The institutional project also supported her vision to increase awareness of early detection of colorectal cancer in the North Philadelphia community. She found it of great importance to personally spread the message, “In my role as a colon cancer biologist, I felt the message had to be disseminated strongly to our North Philadelphia Community. African Americans and Latinos/Hispanics are two racial/ethnic populations that face cancer health disparities and are commonly diagnosed with colorectal cancer. The number of cases is rising among individuals younger than 50,” said Dr. Gamero. 

Dr. Gamero’s motivation for this campaign stemmed from a combination of the leadership project, her dedication and the loss of multiple family members to the disease. “What inspired me to organize this event is that I have lost family members to colorectal cancer. Had they been screened at the right time and not wait until they had experienced symptoms; the disease would have been detected early or been prevented,” said Dr. Gamero.

Temple's patient population is incredibly underserved and has a lot of barriers to accessing preventive care. To help solve this issue, the campaign included several events throughout March, Colorectal Cancer Awareness Month. Featured was a Diversity Dialogue Series called "Colon Cancer Killed the Black Panther (Chadwick Boseman)" and a Facebook Live Q&A on colorectal cancer screening. Other events had resources like colon cancer factsheets in both English and Spanish, an educational walk-through of an inflatable colon and sign-ups for open-access colonoscopies. 

A vital resource of these efforts was free point-of-care fecal immunohistochemical test kit distribution (FIT kits).
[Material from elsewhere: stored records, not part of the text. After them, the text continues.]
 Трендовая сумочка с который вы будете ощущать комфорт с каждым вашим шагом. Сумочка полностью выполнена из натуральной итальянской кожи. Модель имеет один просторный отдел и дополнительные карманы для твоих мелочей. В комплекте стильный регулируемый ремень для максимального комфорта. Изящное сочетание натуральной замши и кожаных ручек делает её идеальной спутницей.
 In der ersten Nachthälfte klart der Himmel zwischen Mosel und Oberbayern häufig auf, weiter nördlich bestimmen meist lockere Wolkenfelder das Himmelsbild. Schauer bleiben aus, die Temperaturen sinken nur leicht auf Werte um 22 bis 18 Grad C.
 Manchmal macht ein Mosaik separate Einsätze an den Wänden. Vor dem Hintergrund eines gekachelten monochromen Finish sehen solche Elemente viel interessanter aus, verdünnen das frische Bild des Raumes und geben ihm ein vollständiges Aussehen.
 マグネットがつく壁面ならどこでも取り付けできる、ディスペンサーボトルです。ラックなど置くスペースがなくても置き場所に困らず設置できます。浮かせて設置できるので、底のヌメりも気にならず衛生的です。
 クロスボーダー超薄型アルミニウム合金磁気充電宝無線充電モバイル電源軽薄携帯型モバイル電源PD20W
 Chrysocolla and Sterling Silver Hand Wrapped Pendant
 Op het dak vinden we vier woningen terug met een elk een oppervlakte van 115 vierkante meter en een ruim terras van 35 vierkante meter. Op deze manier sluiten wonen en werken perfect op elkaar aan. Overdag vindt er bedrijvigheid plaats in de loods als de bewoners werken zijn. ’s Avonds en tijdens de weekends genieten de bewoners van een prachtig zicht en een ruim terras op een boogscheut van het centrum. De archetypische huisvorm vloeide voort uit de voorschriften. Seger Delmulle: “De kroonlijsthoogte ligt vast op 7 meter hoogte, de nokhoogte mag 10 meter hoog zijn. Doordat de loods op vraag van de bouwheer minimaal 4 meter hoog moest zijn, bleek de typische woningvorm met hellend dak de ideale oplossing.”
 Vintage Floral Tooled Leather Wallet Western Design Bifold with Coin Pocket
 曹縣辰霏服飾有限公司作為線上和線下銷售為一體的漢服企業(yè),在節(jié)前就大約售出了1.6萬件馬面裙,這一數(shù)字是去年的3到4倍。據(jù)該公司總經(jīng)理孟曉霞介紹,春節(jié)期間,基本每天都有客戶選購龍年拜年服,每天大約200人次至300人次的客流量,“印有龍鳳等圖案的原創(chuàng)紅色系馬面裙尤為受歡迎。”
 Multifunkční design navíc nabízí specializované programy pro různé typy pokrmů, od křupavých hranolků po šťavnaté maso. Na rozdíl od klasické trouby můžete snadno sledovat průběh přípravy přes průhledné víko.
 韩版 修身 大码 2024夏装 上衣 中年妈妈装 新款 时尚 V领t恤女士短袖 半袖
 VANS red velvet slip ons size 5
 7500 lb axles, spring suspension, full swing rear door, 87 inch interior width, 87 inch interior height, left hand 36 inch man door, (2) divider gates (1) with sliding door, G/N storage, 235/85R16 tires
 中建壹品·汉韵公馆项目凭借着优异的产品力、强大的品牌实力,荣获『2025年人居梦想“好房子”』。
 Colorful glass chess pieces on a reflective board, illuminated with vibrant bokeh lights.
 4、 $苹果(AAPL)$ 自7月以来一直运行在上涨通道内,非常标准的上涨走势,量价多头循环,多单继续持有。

The kits are an alternative to colonoscopy that can be done at home by collecting a stool sample.  The tests were provided by the Advancing Colorectal Cancer Equity Through Systemic Screening (ACCESS) grant from Blue Cross Blue Shield led by Claire Raab, MD, President and CEO of Temple Faculty Physicians and Rishabh Khatri, MD, Internal Medicine Chief Resident. “We wanted to find a way to make colon cancer screening more accessible, so we applied for a grant that would allow TUH to begin a program of providing fecal immunochemical tests (FIT tests), which can be done easily at home, for Temple patients and surrounding community members,.” said Julia Marino, a fourth-year medical student at the Katz School of Medicine.

Students were passionate and excited to spread awareness “I was inspired by the potential of this project to have a huge impact on many patients' lives. Colon cancer is a disease that benefits greatly from early detection, and there are many effective screening methods. I feel like this project is having and will have a major impact on Temple's patients,” said Marino.

They also played a crucial role in assisting with FIT kits, especially in volunteering their time to educate patients and visitors.  Especially, The Latino Medical Student Association (LMSA) and the Asian Pacific American Medical Student Association (APAMSA) created informational videos about colon cancer screening translated into Spanish, Korean, Vietnamese, and Mandarin. 

Moving forward there is a desire to continue the efforts in raising awareness and providing accessible resources for the cause. “The goal is to make this a yearly event, add more programming to the month of March and work with the North Philly Community. The campaign was very successful based on the number of individuals we educated, the number of FIT tests that were distributed and colonoscopies that were scheduled,” said Dr. Gamero.